Qui était Sanae ? Que faisait-elle avant l'incident ? Avait-elle
des amis, des parents à Fujisawa ? À quelle école
allait-elle ? Comment passait-elle ses journées ? Toutes
ces questions sans réponses. Parfois elle passait des nuits
entières à lutter contre ce bruit qui l'entourait,
en essayant de se rappeler même seulement des petites syllabes,
un nom qui pourrait déchirer le voile qui s’était
baissé sur sa mémoire. Mais rien. Tout ce qui lui
restait sembler vouloir oublier tout ce qui s'était passé
avant l'incident. C’est amusant. Deux femmes sans mémoire,
mais pour des raisons différentes.
Sanae soupira. "Nous commencerons une nouvelle vie"
lui avait dit cette femme. Et ainsi elles partent en laissant
peut-être quelque chose derrière elles. Et à
elle il ne lui était restée seulement ce nom qu’elle
ne connaissait pas : Sanae Shwartz. Elle n'avait même pas
de visage auquel s'attaquer, n'avait pas idée de son reflet
dans le miroir. Peut-être était-elle blonde avec
les yeux bleus... au fond son père était allemand.
Elle avait plusieurs fois eu la tentation de demander à
des patients ou à une infirmière comment elle était,
mais elle s’était toujours remise en cause. Il lui
semblait absurde de devoir demander à quelqu’un qu’elle
ne connaissait pas "Excusez moi, pourriez-vous me dire à
quoi je ressemble?" C’est sûr qu’ils auraient
éclaté de rire. Ensuite le temps était passé
et maintenant qu'elle connaissait tout dans cet hôpital,
cette question était devenue impossible. Ils auraient cru
qu’elle plaisanter, ou peut-être l'auraient-ils pris
pour une folle.
Et ainsi elle attendait, attendait, attendait. Chaque matin,
elle ouvrait les yeux en espérant voir de nouveau la lumière,
de pouvoir finalement se regarder, de voir les visages des personnes
avec lesquelles elle vivait chaque jour. Les docteurs disaient
que c’était seulement une question de temps, mais
de combien pouvait être ce temps ? Une semaine, un mois,
un an ? Personne ne semblait le savoir.

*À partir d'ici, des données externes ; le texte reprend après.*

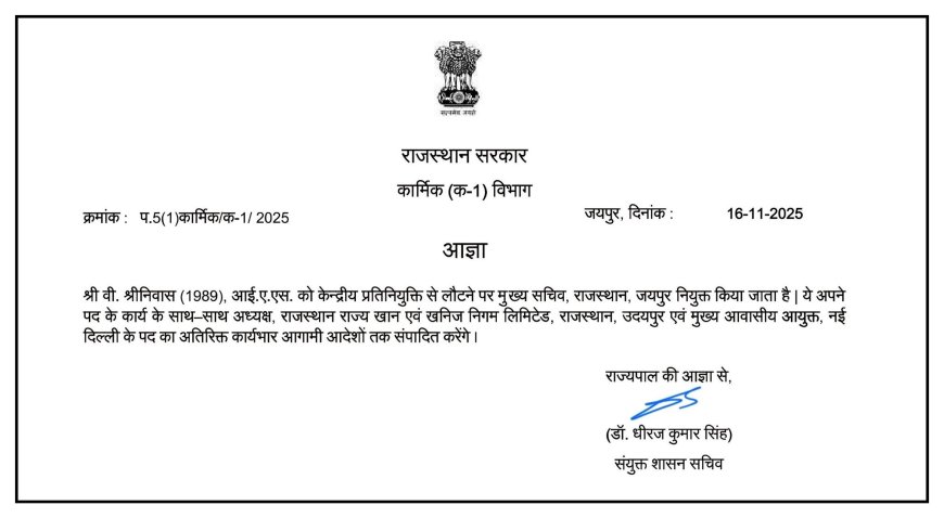Rajasthan News: वी. श्रीनिवास राजस्थान के नए मुख्य सचिव बने। केंद्र से रिलीव होकर वे 17 नवंबर को चार्ज लेंगे। प्रशासन में बड़े फेरबदल की संभावना।
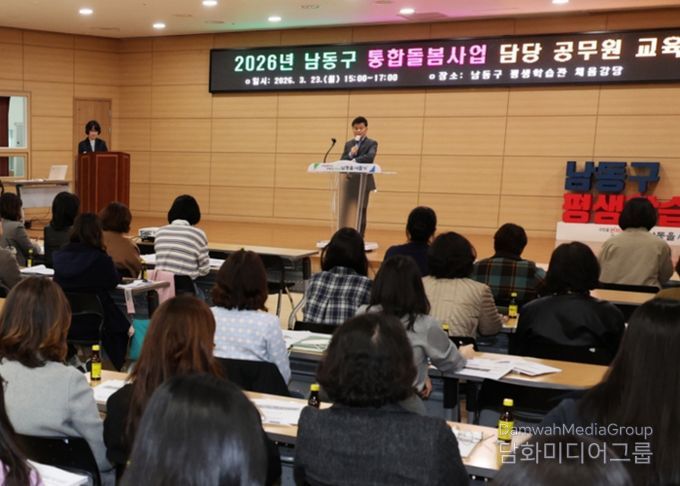 남동구는 최근 남동구 평생학습관 채움강당에서 동 행정복지센터, 보건소, 구청 관련 부서 담당 공무원 70여 명이 참석한 가운데 사업의 성공적 안착과 홍보 강화를 위한 직무 교육을 실시했다고 25일 밝혔다.
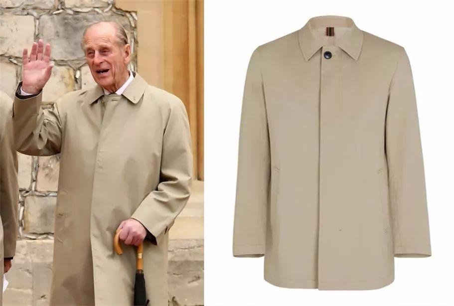 而菲利普亲王还有些大衣,来自于英伦品牌DAKS,手持王室认证,服务有百年了。比较类似的是一款叫Orrell的雨衣,款式很简洁,但亲王穿起长款还蛮有气场的~
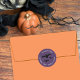 Joints éffrayants d'enveloppe d'Halloween violet comportant trois chauves-souris volantes. Personnalisez-les avec le nom et l'adresse de votre famille à l'aide des champs de modèle appropriés. © ArianeC Illustrations-Tous droits réservés

Et ainsi elle restait
confinée dans cette brume.
Elle entendit des pas fatigués traverser la chambre et
un parfum intense lui picoter le nez.
- Qui est-ce ?
Un rire cristallin remplit la chambre, pendant que les pas et
le parfum continuaient à s'approcher.
- Katy ?
- Aahhh ! Comme tu as fait ? ! Je voulais te faire une surprise
!
Sanae ria amusée.
- Je reconnaîtrais ton rire entre milles ! Je l'ai entendu
tant de fois !
La gamine souffla contrariée avant d'éclater à
nouveau de rire.
- Et il te va bien !
Katy déposa sur les genoux de Sanae un bouquet de tulipes
rouges.
- Mais qu'est-ce que... ah ce sont des fleurs, non?

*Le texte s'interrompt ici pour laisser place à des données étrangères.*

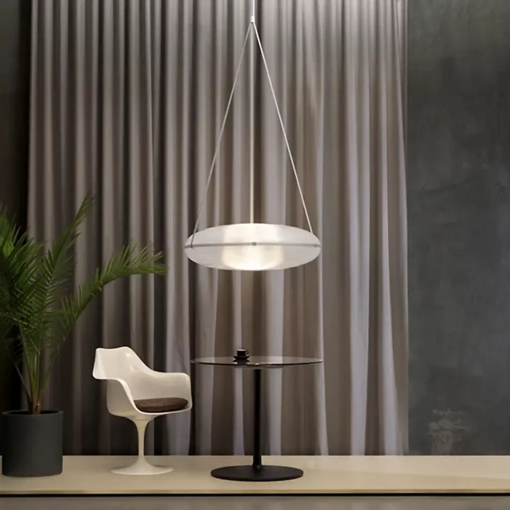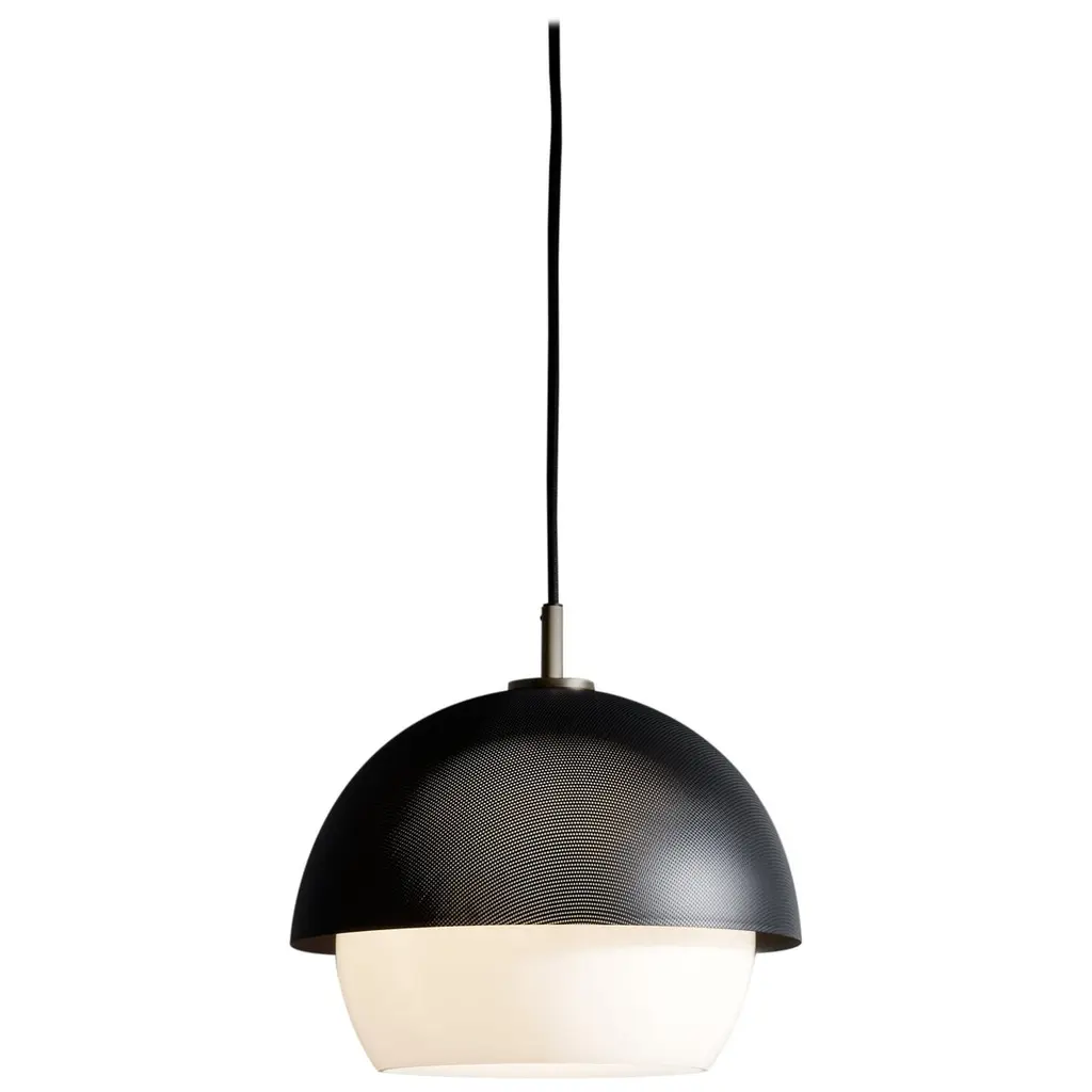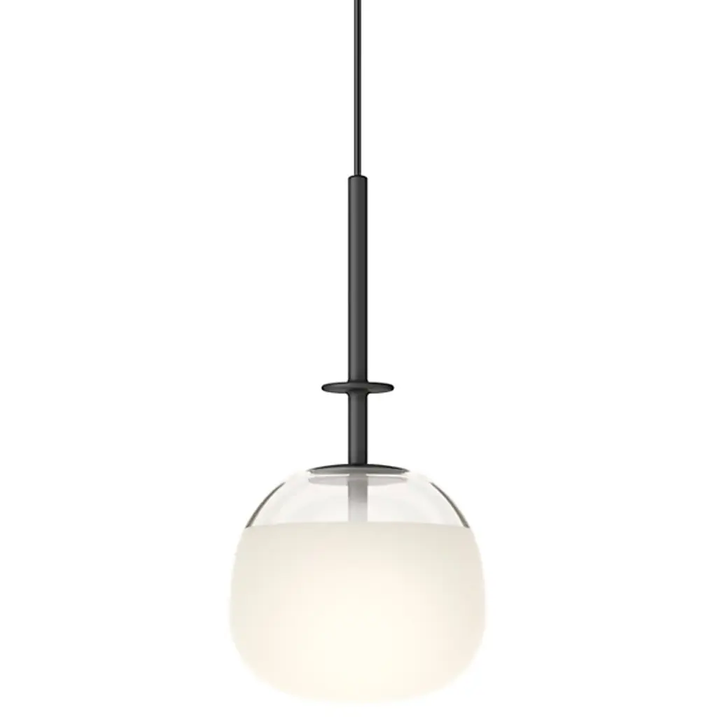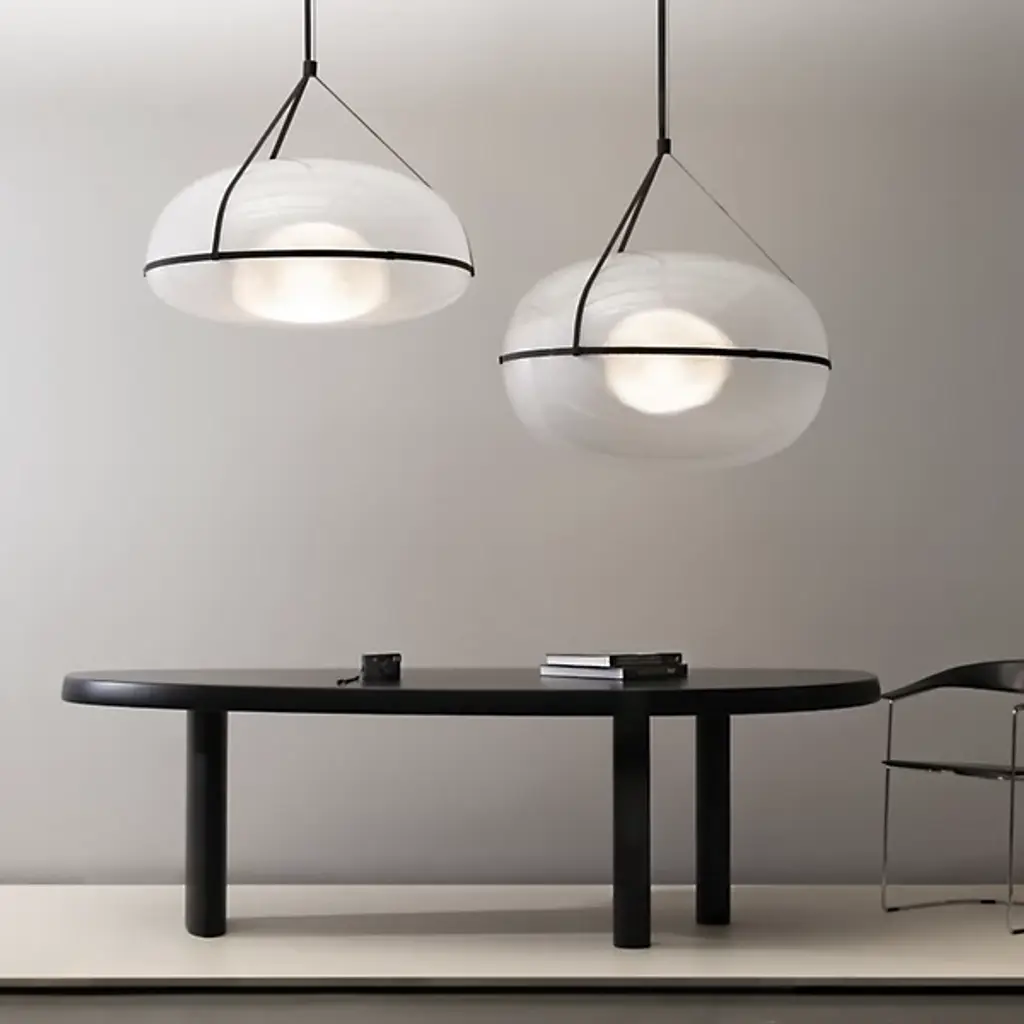 Transform your interiors with the ephemeral and elegant lines of the Iris LED Pendant from A-N-D. An enigmatic design from the mind of Caine Heintzman, it descends from a circular canopy via a slim, strong aluminum stem and curving bracing, supporting bright and energy-friendly lamping inside a voluminous acrylic shade, the captivating elliptical shape transmitting a hazy, opulent warmth to all sides, transforming its surroundings with an elegant, expressive visual lightness matched with a vibrant character.
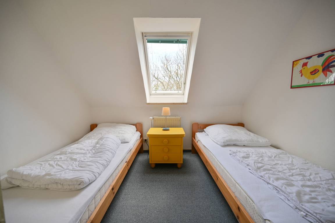 Zweites separates kleines Schlafzimmer mit zwei Einzelbetten und Kleiderschrank.
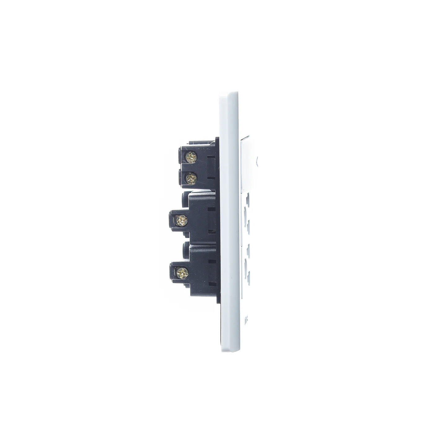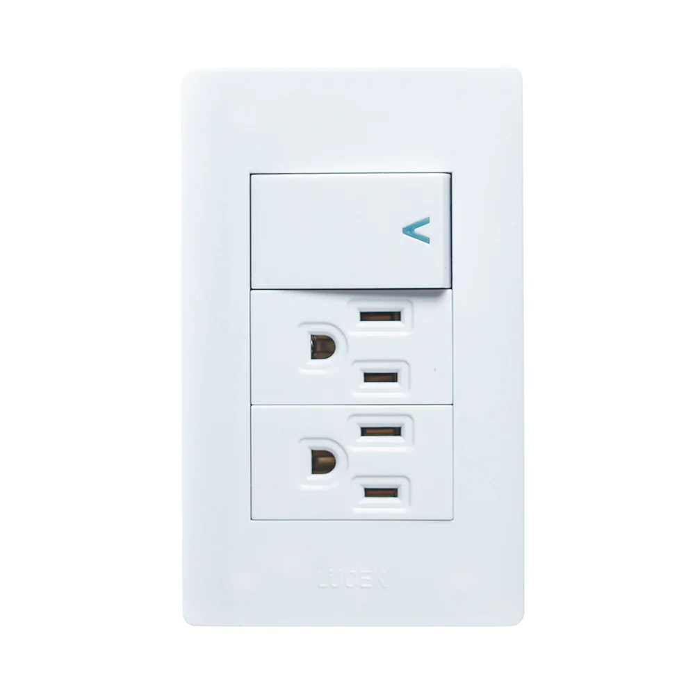 Placa con interruptor y 2 contactos sencillos de 1 módulo. Muy económica y fácil de instalar.
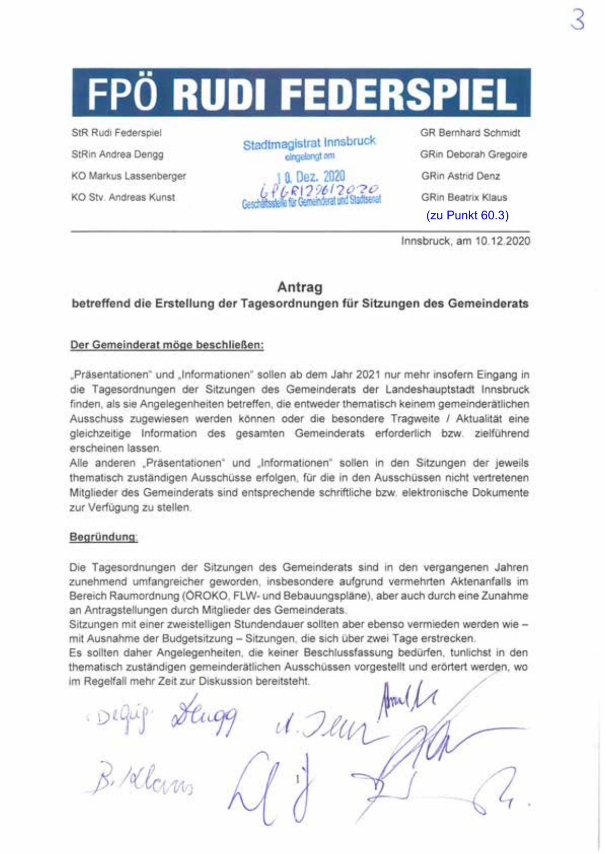 die Tagesordnungen der Sitzungen des Gemeinderats der Landeshauptstadt Innsbruck

Sanae rapprocha de son visage des pétales souples et
fraîches et les inspira à fond.
- Ce sont des tulipes rouges, je les ai ramassés dans
les parterres de l'hôpital...
- Katy ! Tu sais que c’est interdit ! Et tu ne devrais pas
sortir toute seule...
-Oh je t’en prie Sanny ne me gronde pas ! Si tu pouvais
voir la journée qu’il y a dehors ! Et toutes les
couleurs ! Je ne pouvais pas rester toute la journée enfermée
au milieu de tout ce blanc...
Sanny. Elle aimait quand elle l'appelait ainsi. Ce surnom la
rendait sûre, peut-être parce que... Sanae ne réussit
pas à rester sérieuse et tendit les bras vers Katy
pour l'inviter à s'approcher. La gamine vola entre ses
bras en riant.
-Tu as bien fait, mais la prochaine fois tu m’attends
!
- Promis ! Demain nous sortons ensemble et ravageons un autre
parterre !
- Katy!!
Mais le reproche finit dans un autre éclat de rire. C’était
toujours ainsi avec Katy, on ne réussissait pas à
être sérieux. Sanae caressa avec douceur les cheveux
de son amie.
- Je parie que maintenant tu as mal au dos.

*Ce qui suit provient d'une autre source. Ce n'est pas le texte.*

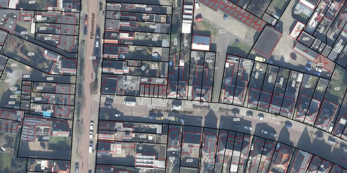 Het perceel waarop Johan van Reesstraat 44 staat heeft een oppervlakte van 381 m². Dit is een groot perceel. De perceeloppervlakte wordt geregistreerd door het Kadaster. Gedetailleerde informatie over de maten van dit perceel kunt u vinden in het rapport Kadastrale kaart met maatvoering van Johan van Reesstraat 44.
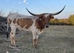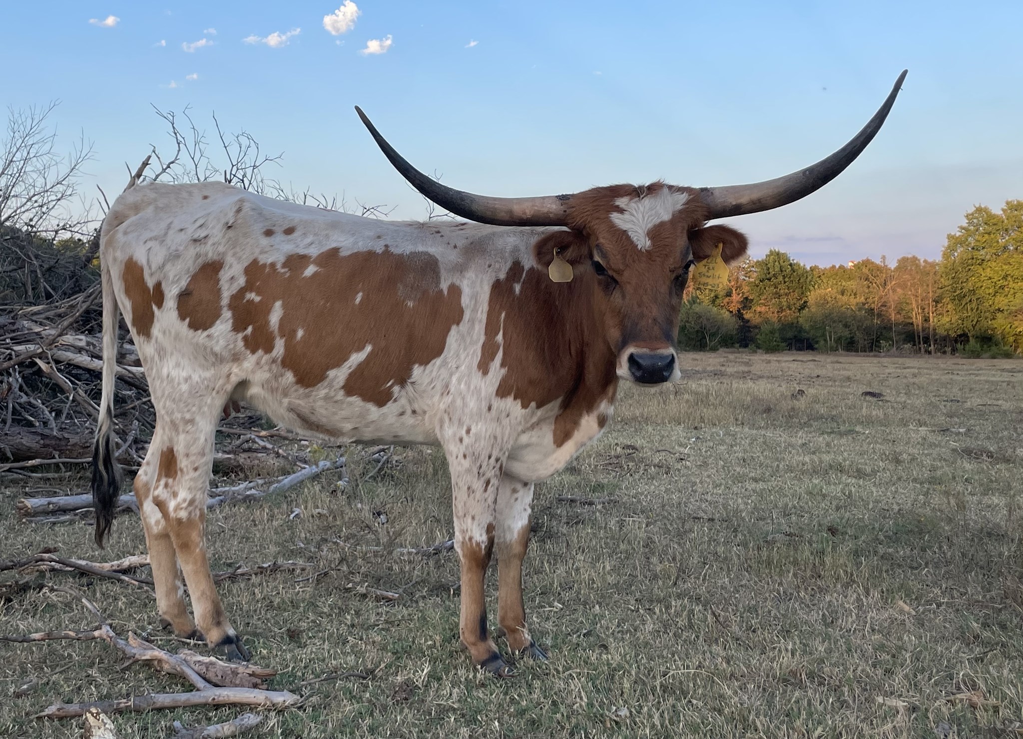 **pending** Don’t overlook this girl! She has a smaller frame but just take a look at her pedigree. She has the traditionally slower growing dark horns but they are really starting to push out there! She had a knockout 11/2024 black and white speckled colored calf that we are retaining. She is being exposed back to our herd sire Kid Rock 2/1.

Le silence de Katy servit de confirmation. Elle ne voulait pas
l'admettre, mais maintenant même rejoindre le jardin était
devenu une agonie pour elle. Elle rentrait épuisée
de ses excursions secrètes, mais elle ne se plaignait jamais.
- Voyons voir ce vieux dos
Katy sourit. Elle était sûre que les mains de Sanae
étaient magiques, son amie insistait en disant que c’était
la technique shiatsu, mais elle était convaincue que Sanae
avait un don et on ne se fatiguait pas de le lui répéter.
Sanae commença à bouger avec fluidité autour
de Katy. Les doigts, les mains et les bras de la fille exerçaient
des pressions précises et profondes sur le corps de son
amie. Lorsqu’elle pratiquait le Shiatsu, Sanae semblait
voir. Dans son esprit, le corps de la patiente était clair
comme la plus simple des cartes. Les flux d'énergie qui
le traversaient, les points nerveux, chaque chose était
sous son contrôle. C’était comme si ses doigts
étaient en mesure de "voir" les disfonctionnements
de l'organisme de son patient et agissaient en conséquence
pour lui donner du soulagement. Sanae disait souvent que ses mains
étaient l'étendue de son coeur et que c’était
pour ça qu’elle réussissait à comprendre
aussi bien la douleur des autres. Sa mère disait que le
Shiatsu était une technique que sa famille se transmettait
de génération en génération, mais
ne descendait jamais dans les détails... comme d’habitude.
Et elle avait commencé à la maison…la maison…
Après l'incident, elle avait perdu l'espoir, il lui semblait
ne rien avoir pour vivre. Sans passé et sans futur, voilà
comment elle se sentait. Et elle s’était laissée
aller. Elle chassa avec gêne le souvenir de cette période.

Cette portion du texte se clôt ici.